# Air Quality Data Collection
This notebook will be used to get the air quality data and clean the datasets, so we can use them for data analysis and making our model. The data will be collected using the dustmonitor API of TNO (https://ilm2.site.dustmonitoring.nl). 

In [41]:
import pandas as pd
import os
import requests
import warnings

from datetime import date
from dateutil.relativedelta import relativedelta

pd.set_option('display.max_columns', None)
warnings.filterwarnings('ignore')

print('Pandas version:', pd.__version__)

Pandas version: 2.2.3


In [42]:
# make new directory for data
root_dir = os.path.join("data")
os.makedirs(root_dir, exist_ok=True)

# save data from api
data_dir = os.path.join(root_dir, 'api_data')
os.makedirs(data_dir, exist_ok=True)

Firts we will collect all the data we want from the dust monitoring API. We want to collect as much data starting in 2021, because that is when most sensors on the locations we have selected started collecting data. The data will be collected with a granularity of 1 day, with the average value of the day.
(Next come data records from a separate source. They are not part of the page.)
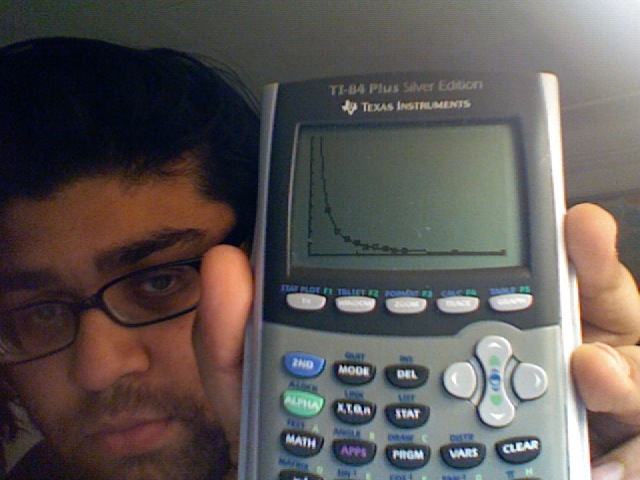 And since they are interested in N and the error, they enter those values into lists in their calculator. Looking at a graph for low N values versus the error, they see this on their calculators: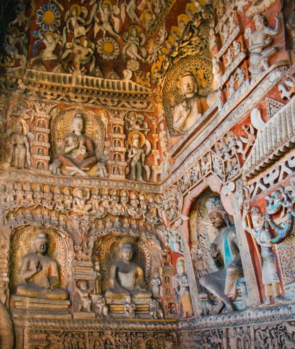 云岡石窟依山而鑿,浮雕飛天,生動(dòng)活潑。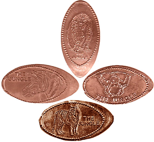 Designs: with text 'The Jungle' 1) Zebra, 2) Gorilla 3) Monkey hanging from a branch 4) ???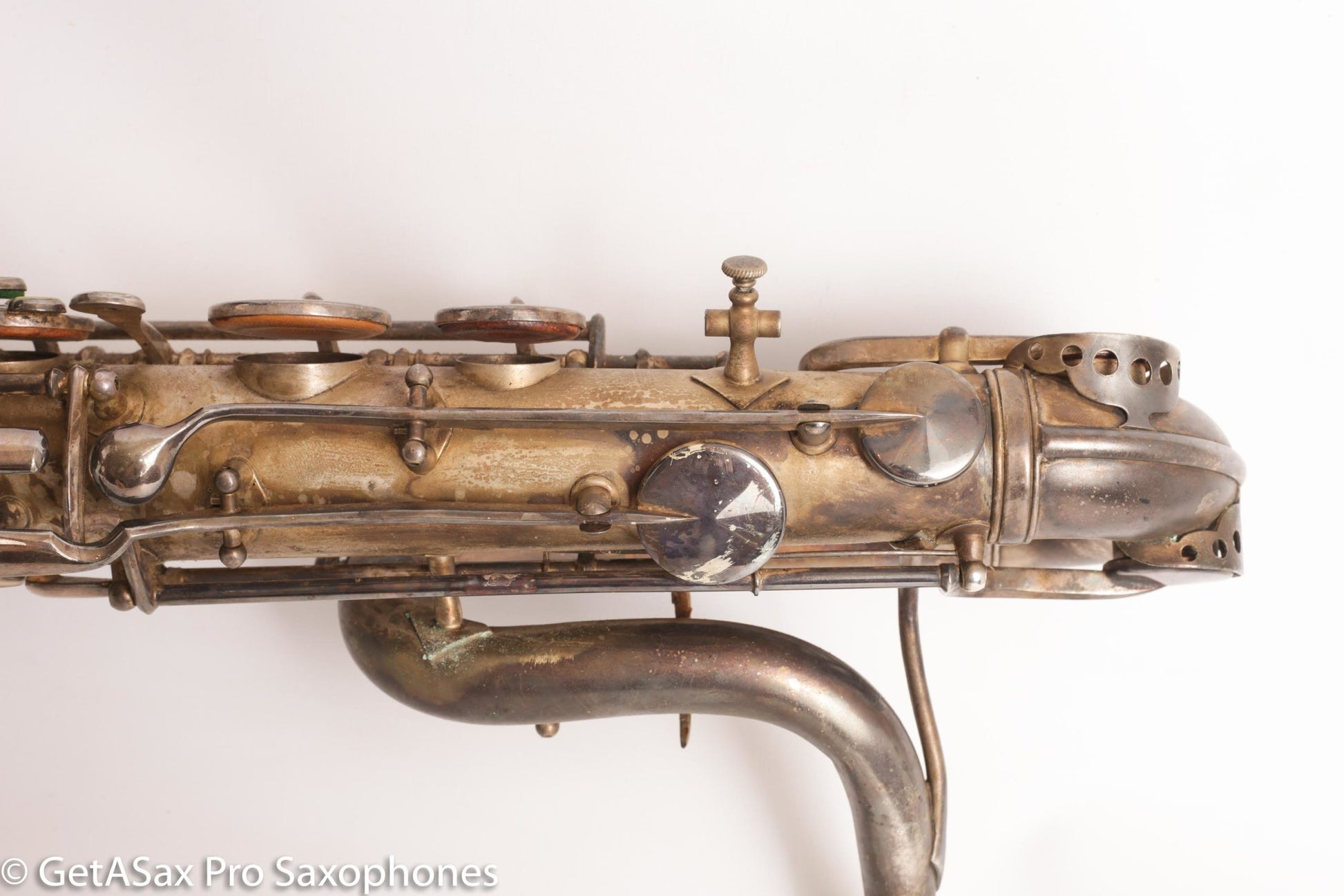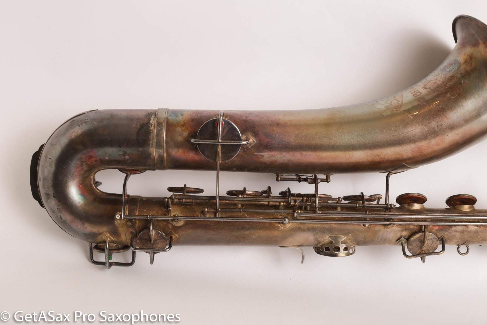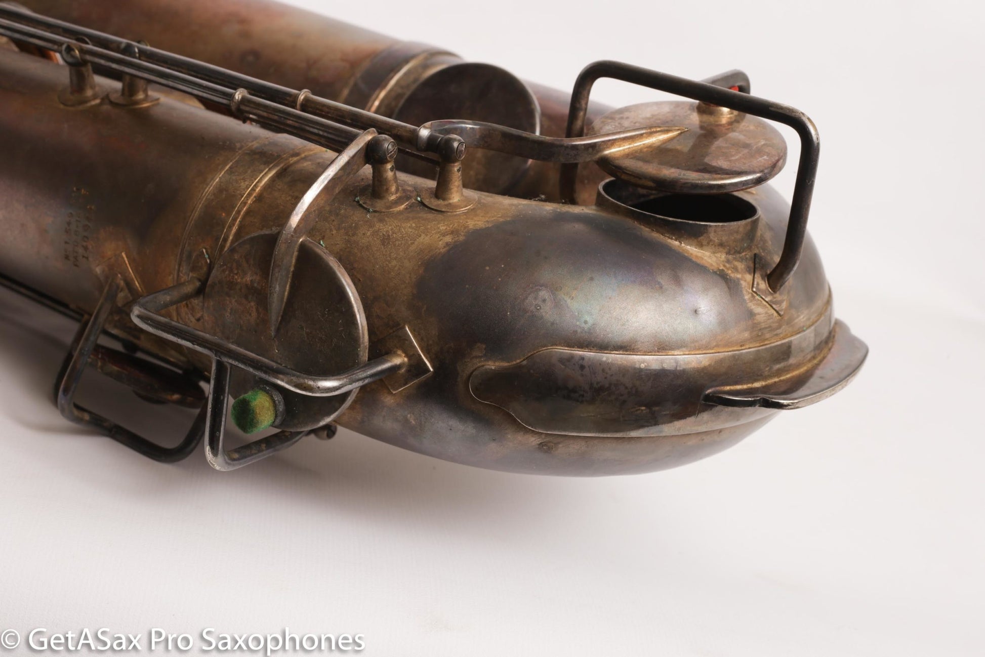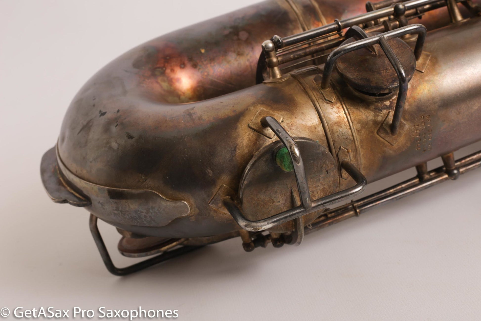 Original pads on this amazingly well-preserved original silver plate King baritone saxophone. It has to have an overhaul if you want to play it. But then you will have the nicest King baritone saxophone of this model in the world in all likelihood.

The reason we have selected certain locations is because they are located in the centre of Eindhoven, near a green area or outside the centre.

In [43]:
def get_data(start: str, end: str, interval: int):
    data = requests.get(
        f"https://ilm2.site.dustmonitoring.nl/download?from={start}&to={end}&interval={interval}&align=1&type=csv-semicolon&p=545&p=535&p=522&p=547&p=551&p=527&p=528&s=10&s=11&s=128&s=129&s=130&s=145&s=146"
    )

    return data.text

_date = date(2021, 1, 1)

while True:
    start_date = _date
    end_date = _date + relativedelta(months=12)
    interval = 86400
    data = get_data(start_date.strftime("%Y-%m-%d"), end_date.strftime("%Y-%m-%d"), interval)

    file_path = os.path.join(data_dir, f"data_{start_date.strftime('%Y-%m-%d')}_{end_date.strftime('%Y-%m-%d')}.csv")
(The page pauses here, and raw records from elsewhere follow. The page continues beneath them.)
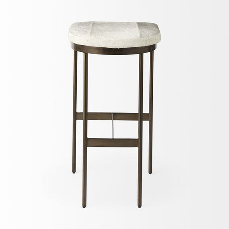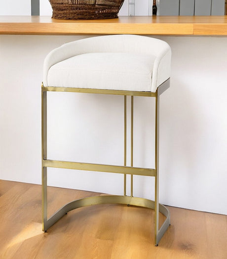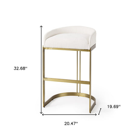 35" White and Gold Fabric and Metal Low Back Bar Chair
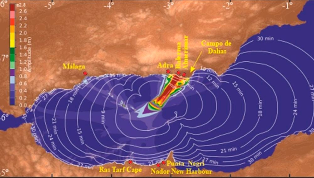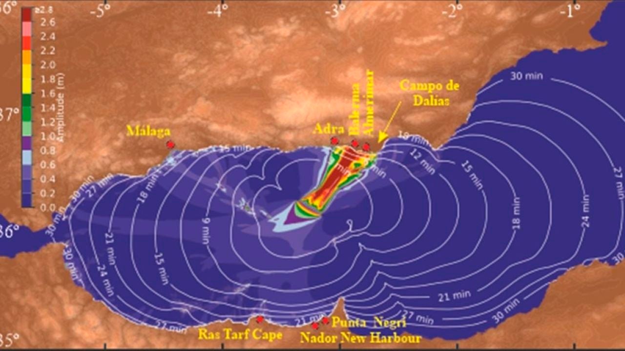 Los investigadores calcularon el comportamiento de las masas de agua del Mar de Alborán en caso de un nuevo episodio sísmico en la falla. La simulación indica que las olas de tsunami se propagarían en dos ramales principales y que inundarían sectores densamente poblados en la costa sur de España y del norte de Marruecos con olas de hasta seis metros de altura.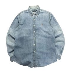 90s POLO RALPH LAUREN ポロ ラルフローレン 白タグ シャンブレー シャツ 猫目ボタン size L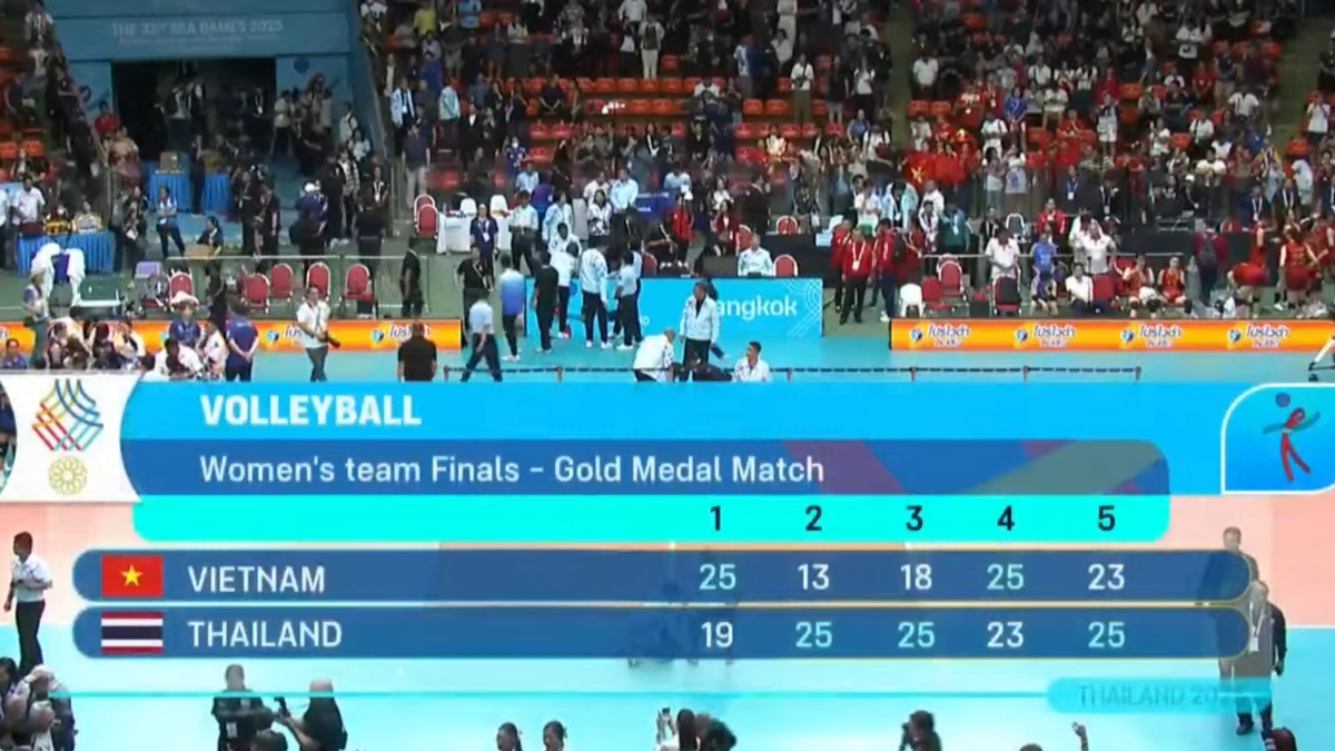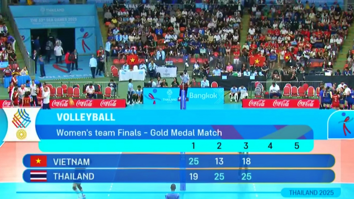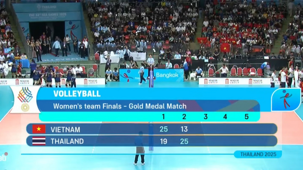 BÓNG CHUYỀN NỮ: Trong trận chung kết, đội tuyển bóng chuyền nữ Việt Nam thắng set 1 trước đội tuyển bóng chuyền nữ Thái Lan với điểm số 25-19.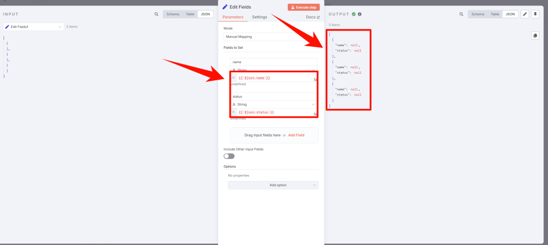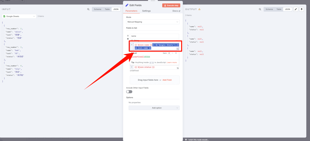 这时候,就需要利用节点名称来进行全局获取{{ $('xxx').item.json}}。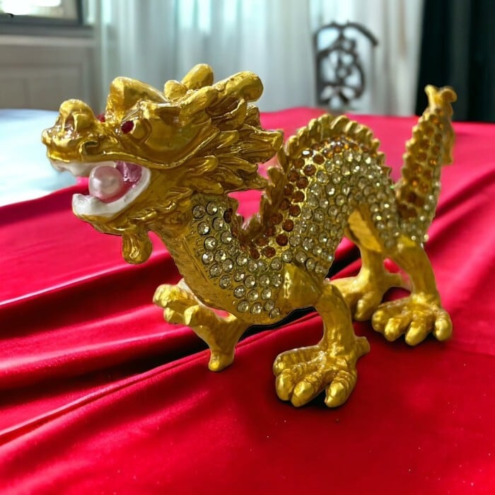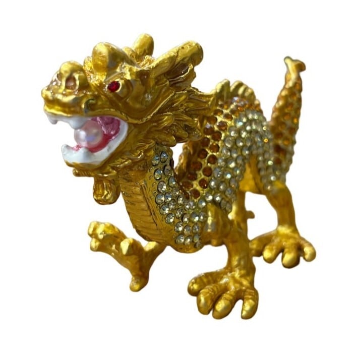 エナメル 龍 ミニ 金 ゴールド ラインストーン コーティング 宝石 龍 竜 ドラゴン ビジュー メタリック キラキラ オブジェ 置き物 ギフト 風水 幸運 20231022Y1-1

    with open(file_path, "+w") as f:
        f.write(data)

    _date = end_date
    if _date > date(2024, 1, 2):
        break

The data needs to be formatted correctly so it is usable, we will remove the headers of the csv and set the correct columns.

In [97]:
csv_dir = os.path.join(root_dir, "csv")
os.makedirs(csv_dir, exist_ok=True)

dfs = []
for file in os.listdir(data_dir):
    file_path = os.path.join(data_dir, file)

    if not os.path.isfile(file_path):
        continue

    df = pd.read_csv(file_path, index_col=False, sep=";")

    header_string = df.iloc[:2].values
    row_1 = [row.split(".")[0] for row in df.columns.tolist()]
    row_2 = header_string[0]

    new_columns = []
    for row1, row2 in zip(row_1, row_2):
        row1 = row1.replace("Unnamed: ", "")
        new_columns.append(f"{row1}-{row2}")
    
    df = df.iloc[2:]

    df.columns = new_columns

    csv_file_path = os.path.join(csv_dir, file)
    df.to_csv(csv_file_path, index=False, index_label=False)

In [98]:
df = []
for file in os.listdir(csv_dir):
    csv_file_path = os.path.join(csv_dir, file)
    df = pd.read_csv(csv_file_path, index_col=False)
    dfs.append(df)

df = pd.concat(dfs, ignore_index=True)
df.shape

(1425, 44)

In [99]:
print(df.columns.tolist())

['ï»¿-Tijd', '1-Tijd', 'I07-Lat', 'I07-Lon', 'I07-PM1', 'I07-PM2.5', 'I07-PM10', 'I07-NO2', 'I12-Lat', 'I12-Lon', 'I12-PM1', 'I12-PM2.5', 'I12-PM10', 'I12-NO2', 'I17-Lat', 'I17-Lon', 'I17-PM1', 'I17-PM2.5', 'I17-PM10', 'I17-NO2', 'I19-Lat', 'I19-Lon', 'I19-PM1', 'I19-PM2.5', 'I19-PM10', 'I19-NO2', 'I30-Lat', 'I30-Lon', 'I30-PM1', 'I30-PM2.5', 'I30-PM10', 'I30-NO2', 'I36-Lat', 'I36-Lon', 'I36-PM1', 'I36-PM2.5', 'I36-PM10', 'I36-NO2', 'I37-Lat', 'I37-Lon', 'I37-PM1', 'I37-PM2.5', 'I37-PM10', 'I37-NO2']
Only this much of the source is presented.